Yeltsin ordered the Foreign Ministry to notify nations that the resolution, approved Friday, has no legal standing and does not alter Russia's commitment to its international obligations.He also warned the lower house, or Duma, that it had called its own legitimacy into doubt as well as "the possibility of holding presidential elections."
Communist Party leader Gennady Zyuganov is Yeltsin's main opponent in the June 16 presidential election.
"I will allow no attempts to undermine Russia's statehood and destabilize the country," Yeltsin said in an unusually detailed statement.
Reaction continued to pour in from the former Soviet republics, where the resolution was deplored as a crude Communist election ploy.
"An act of provocation," said Armenian President Levon Ter-Petrosian. "Preposterous and anachronistic," said his neighbor, Georgian President Eduard Shevardnadze, a former Soviet foreign minister.

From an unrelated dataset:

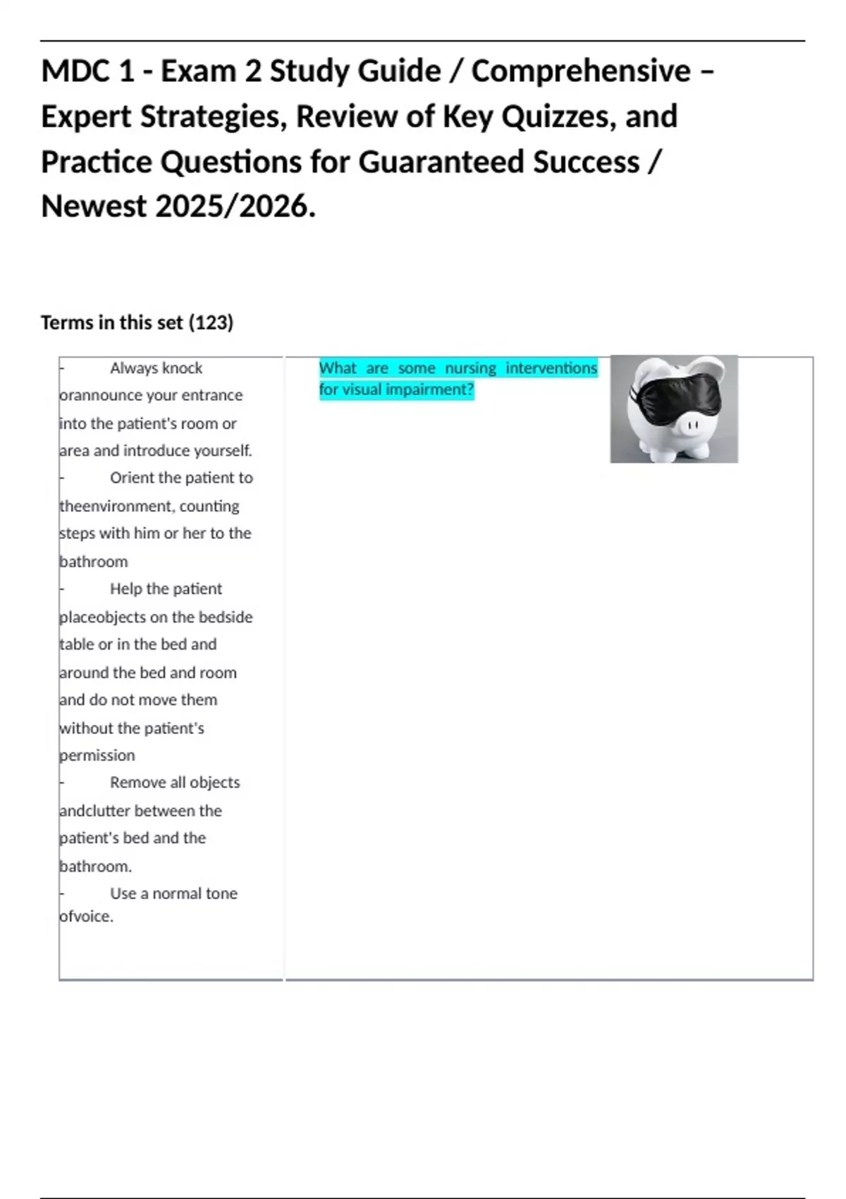 MDC 1 - Exam 2 Study Guide / Comprehensive – Expert Strategies, Review of Key Quizzes, and Practice Questions for Guaranteed Success / Newest 2025/2026. Terms in this set (123) - Always knock orannounce your entrance into the patient's room or area and introduce yourself. - Orient the patient to theenvironment, counting steps with him or her to the bathroom - Help the patient placeobjects on the bedside table or in the bed and around the bed and room and do not move them without the patient's permission - Remove all objects andclutter between the patient's bed and the bathroom. - Use a normal tone ofvoice. What are some nursing interventions for visual impairment? anisocoria a condition in which the pupils are unequal in size exophthalmos protrusion of the eyeballs, as seen in Graves disease enophthalmos sunken eyes, eyeballs are recessed

"It gives you the shivers," Latvian Foreign Minister Valdis Birkavs said, according to the Interfax news agency. "It is a sign of what might happen if the Communists win the presidential election."
Yeltsin was a key figure in the events that hastened the Soviet Union's demise, and the Communists have long condemned him for it.
The Duma resolution, passed on a 250-98 vote with heavy support from nationalists, rejected as illegal the December 1991 breakup of the Soviet Union into 15 separate nations.
In language straight out of the Soviet lexicon, speaker Gennady Seleznyov said the Duma is giving Yeltsin a chance to "start the process of his political rehabilitation."
Seleznyov, a Communist, said the measure expresses popular sentiment.